▶ _Recorded information_
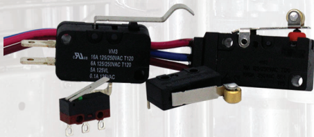
Snap Action Switches

The J115F1 Series relay offers heavy contact load with 30 to 50 amp versions. Also available in panel mount this PC pin mounted UL relay offers 1A, 1B or 1C contact arrangement with coil voltage ranging from 5VDC up to 277VAC with DC coil power of .60W or .90W and AC coil power of .2VA. Dimensions are 31.7 x 26.9 x 20.3mm. This UL-approved relay is available with or without a dust cover. Agency approval is UL E197852 and TUV-certified.
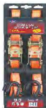
PART #: JTPH053

1-1/2" X 16" RATCHET TIE DOWN Break strength: 4,000 LBS Working Load Limit: 1,333 LBS Hook: Heat treated & vinyl coated S hooks

▶ _Work to be completed_
Return every line shown above without changing a word, and skip the pictures.

▶ _Written solution_
Snap Action Switches

The J115F1 Series relay offers heavy contact load with 30 to 50 amp versions. Also available in panel mount this PC pin mounted UL relay offers 1A, 1B or 1C contact arrangement with coil voltage ranging from 5VDC up to 277VAC with DC coil power of .60W or .90W and AC coil power of .2VA. Dimensions are 31.7 x 26.9 x 20.3mm. This UL-approved relay is available with or without a dust cover. Agency approval is UL E197852 and TUV-certified.
PART #: JTPH053

1-1/2" X 16" RATCHET TIE DOWN Break strength: 4,000 LBS Working Load Limit: 1,333 LBS Hook: Heat treated & vinyl coated S hooks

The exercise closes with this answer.